**WHAT THE TASK REQUIRES**
For this task, output exactly the lines of the material below starting at the line with "Oxmoor Hills Iris flowers" and ending at the line with "First of the New Fall Suits."; pictures are to be excluded.
○ ○ ○ ○ ○ ○ ○
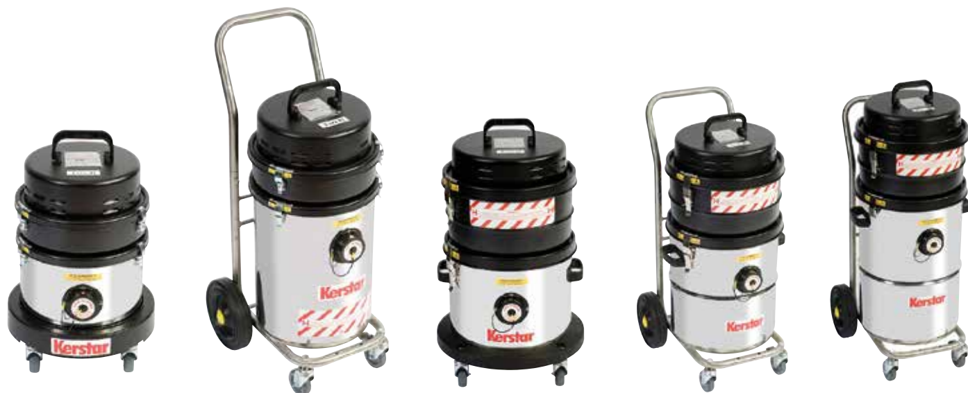
KAV 15H, 18H, 20H, 30H and 45H
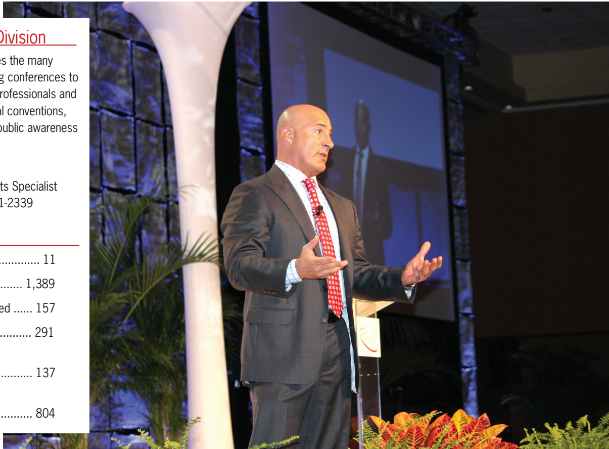
Top: The Weather Channel's Jim Cantore speaks to the crowd at the National Tornado Summit in Oklahoma City in March 2012.
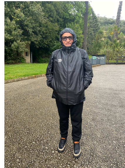
My dad in his raincoat
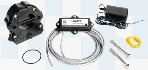
BMS Sensor Retrofit Connection Kit Shown

Series LF909-FS/909RPDA-FS now come standard with an integrated flood sensor. Activate flood detection technology through an add-on connection kit and enjoy peace of mind with real-time alerts when potential flood conditions are detected in your facility.
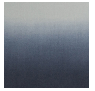
NAVY 100% Alpaca
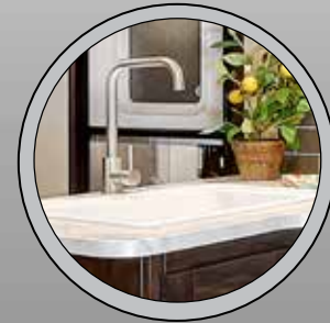
RESIDENTIAL SEAMLESS COUNTERTOPS
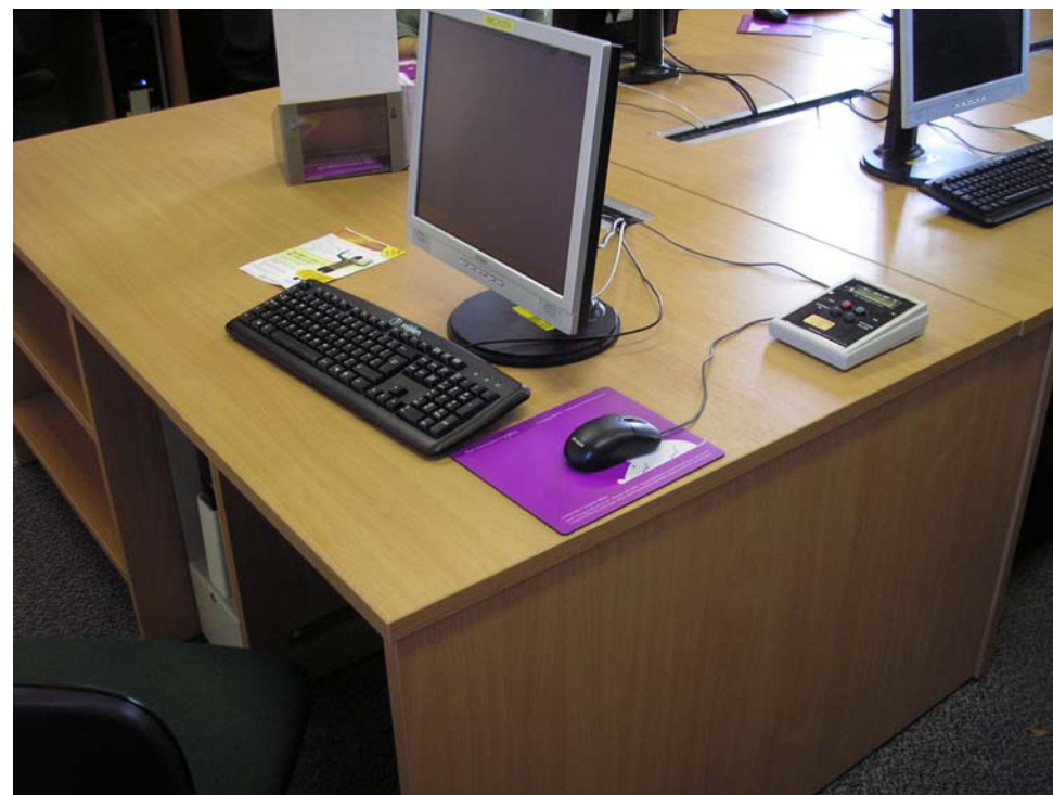
Projector and PC Operating Instructions e.g. PC Classrooms
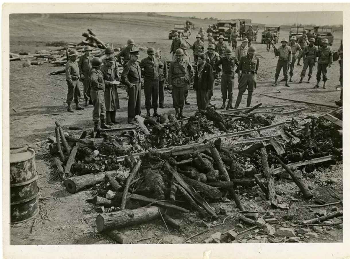
Generals Dwight D. Eisenhower, George S. Patton, and Omar Bradley view charred remains at Ohrdruf
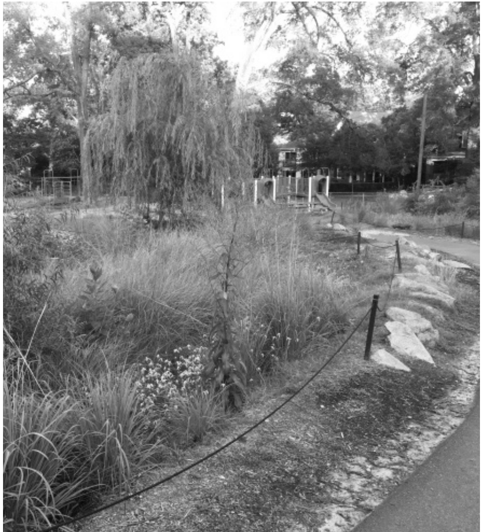
Rain gardens at the George Watts playground with paved walking trail

With the George Watts PTA, our grant will help repair the rain gardens on the school playground. The rain gardens protect the playground and downhill areas of the neighborhood, including Ellerbe Creek, by preventing soil erosion during rainstorms, and slowing and filtering runoff. They are also beautiful and are used extensively by the general public outside of school hours. They make a great gathering spot in late afternoons and evenings, weekends, and summertime! The Ellerbe Creek
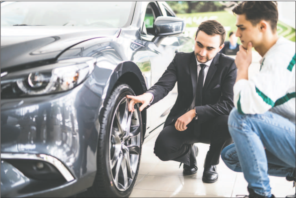
Having the right insurance coverage will provide peace of mind and make that new car ownership experience that much more enjoyable.
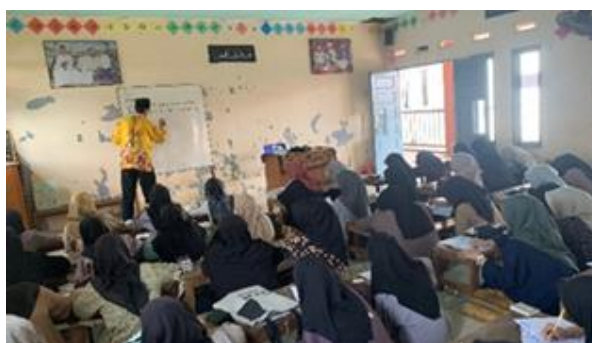
Figure 4. 2 Material Delivery Using the Blackboard

In each meeting, teacher A conveys the learning material by writing it on the blackboard, which the students follow. This method helps students to take notes and understand the key points of the material. She also provides clear explanations of the material, with relevant examples for students to easily understand.
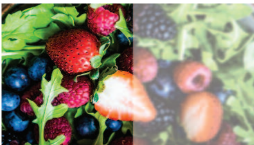
Viewed through material with low haze
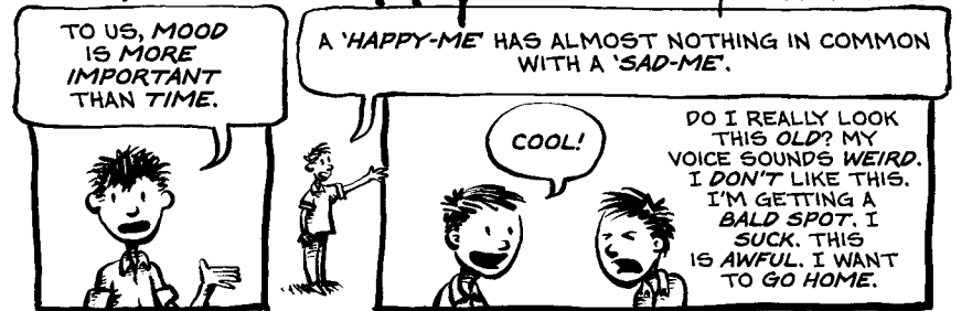
A 'YOUNG-HAPPY-ME' AND AN 'OLD-HAPPY-ME' WOULD GET ALONG GREAT!
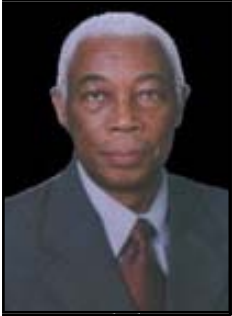
Sen AJ Nicholson - Foreign Affairs and Foreign Trade
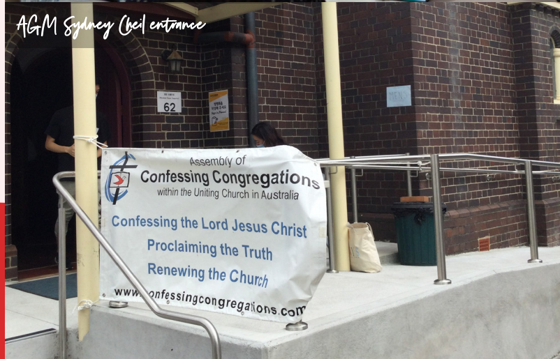
AGM Sydney (Ceil entrance)
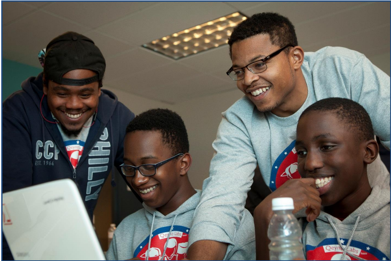
Students at the My Brother's Keeper Hackathon in Philadelphia, Pennsylvania, November 2014.

specialized services will prepare individuals for employment while they are incarcerated to increase their opportunities for successful reentry into their communities upon release. LEAP builds on promising strategies being implemented in a number of correctional facilities across the country, including the MontgomeryWorks Satellite One-Stop Career Center/American Job Center within the Montgomery County, Maryland county jail system.
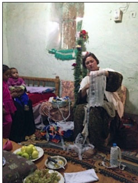
Indigo in Bahariya

The Zahra Foundation is a not-for-profit foundation I created to help Egypt deal with the huge and mounting problem of plastic waste. By educating and training women from Cairo and certain desert oases to repurpose the ubiquitous plastic bags blowing in the desert winds and through the towns and cities of Egypt, we are literally weaving change, enhancing the economy, and changing the landscape.
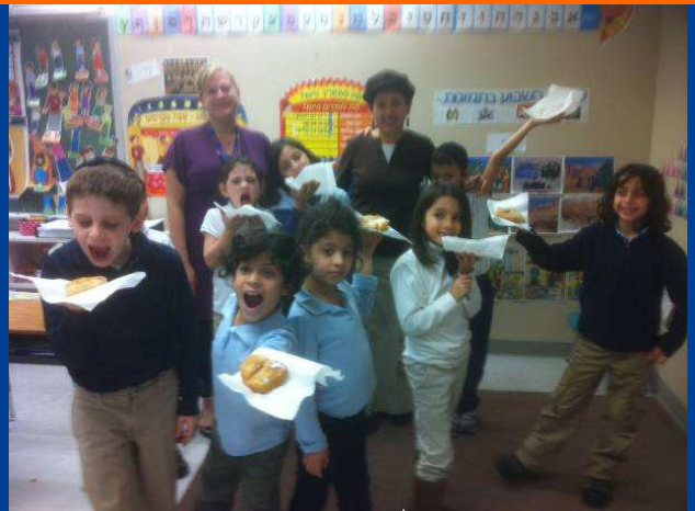
Sufganiyot in 2 nd Grader
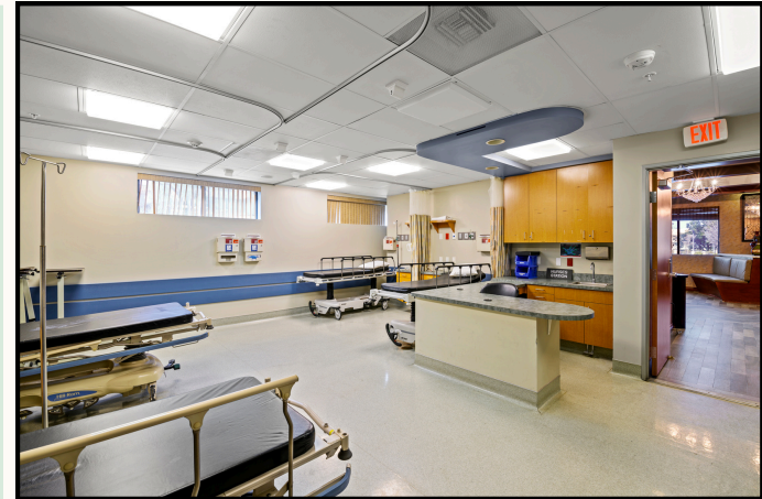
Pre Op (5 Beds)
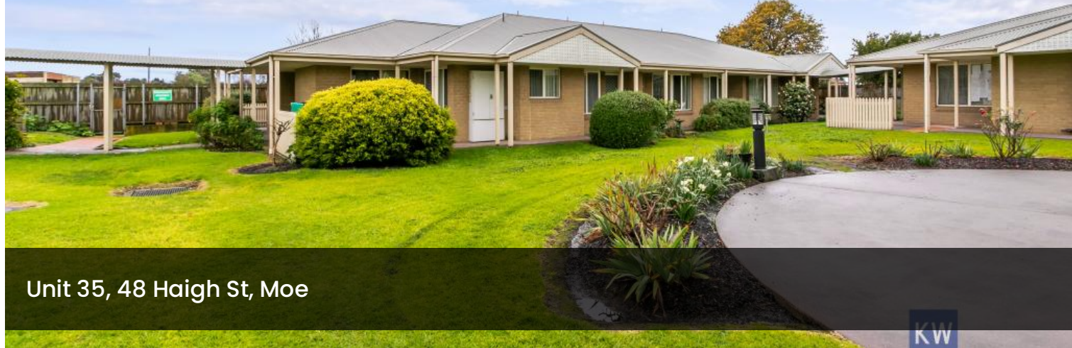
Unit 35, 48 Haigh St, Moe
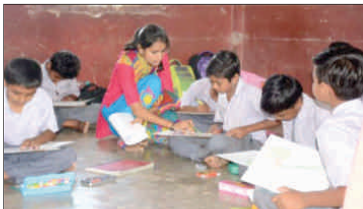
Glimpses of NSS Special Camp at Rajpur (Nava)
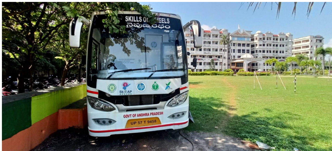
figure: Skills on Wheels bus arranged at DIET campus for visiting on 23 rd Nov, 2021

For this event "The main purpose of the mobile exhibition is to create awareness Campaign skill India modern technology for the students and also on industrial applications. to promote the importance of skill India Andhra Pradesh.
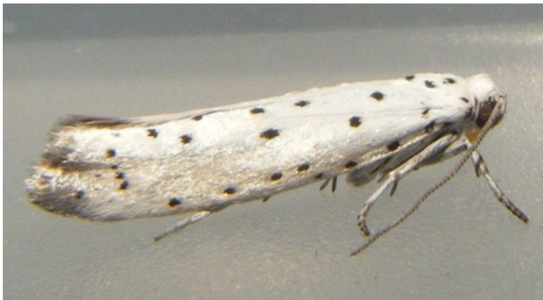
Willow Ermine Moth
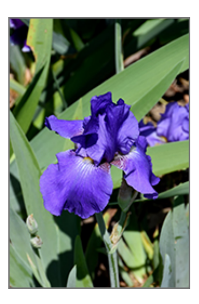
Oxmoor Hills Iris flowers

This outstanding variety produces violet standards, violet falls with white centers and gold beards; a stunning addition to the perennial border; also excellent massed in groupings in the garden; will quickly form dense colonies
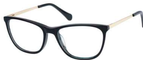
MARGARET - 104
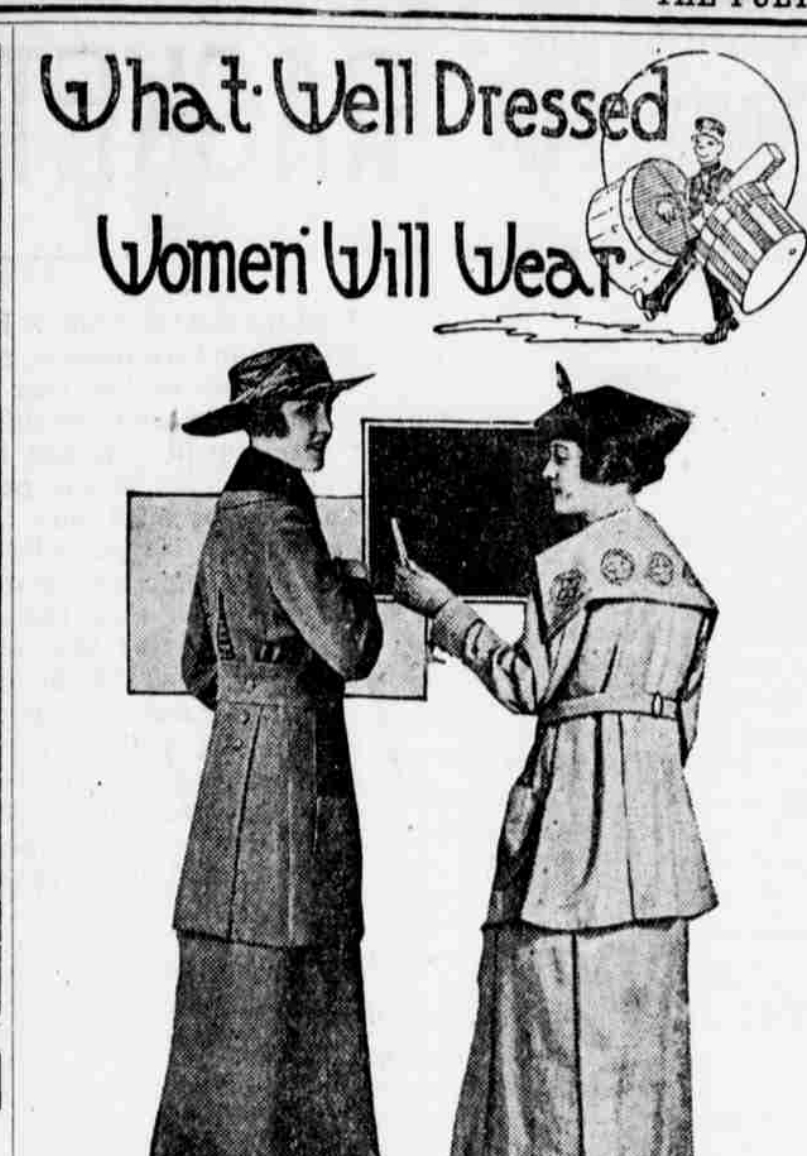
First of the New Fall Suits.

will be seen that they have several points in common but that the fall model shows departures in the direction of greater length in coats, in the nite lines, that give the figure a smart, well-set-up look.
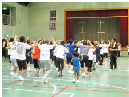
Master the Awa Odori (dance) to the zomekibayashi (musical accompaniment).
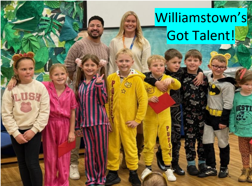
Williamstown's Got Talent!
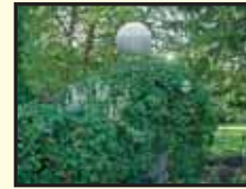
SILVER LACE VINE ( Polygonum aubertii )
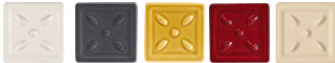
Bianco Antico Ardesia Giallo Acceso Rosso Lava Sahara

(Ardesia, Giallo Acceso, Rosso Lava & Sahara by order only)
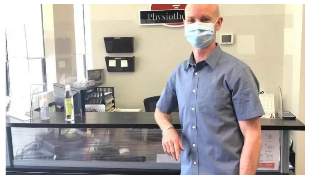
South simcoe physiotherapy new tecumseth
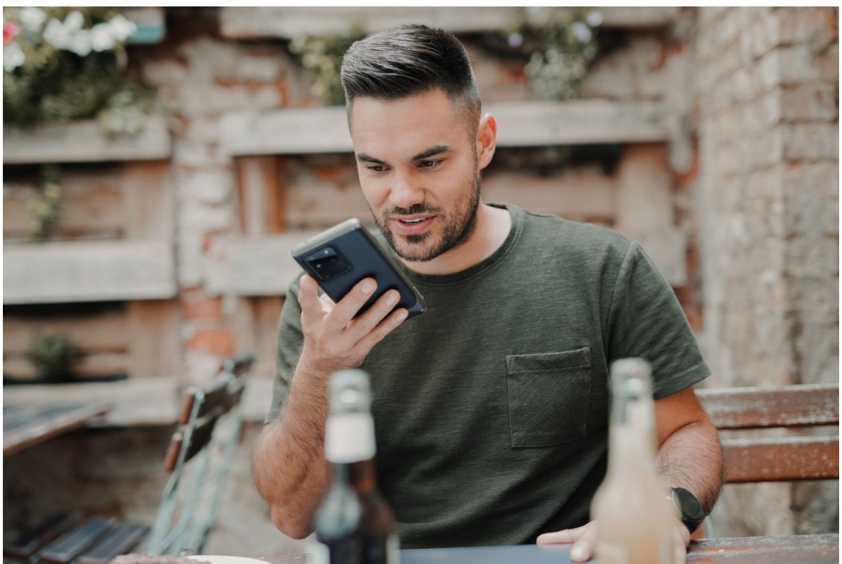
Creepy? Sure. Great for marketing? Definitely.

That means a smart device is likely within earshot when we talk about our plans for the weekend, how badly we need our kitchen remodeled, or debate which SUV model is best for the family with our spouse, and so much more.
○ ○ ○ ○ ○ ○ ○
**OUTPUT BELOW**
Oxmoor Hills Iris flowers

This outstanding variety produces violet standards, violet falls with white centers and gold beards; a stunning addition to the perennial border; also excellent massed in groupings in the garden; will quickly form dense colonies
MARGARET - 104
First of the New Fall Suits.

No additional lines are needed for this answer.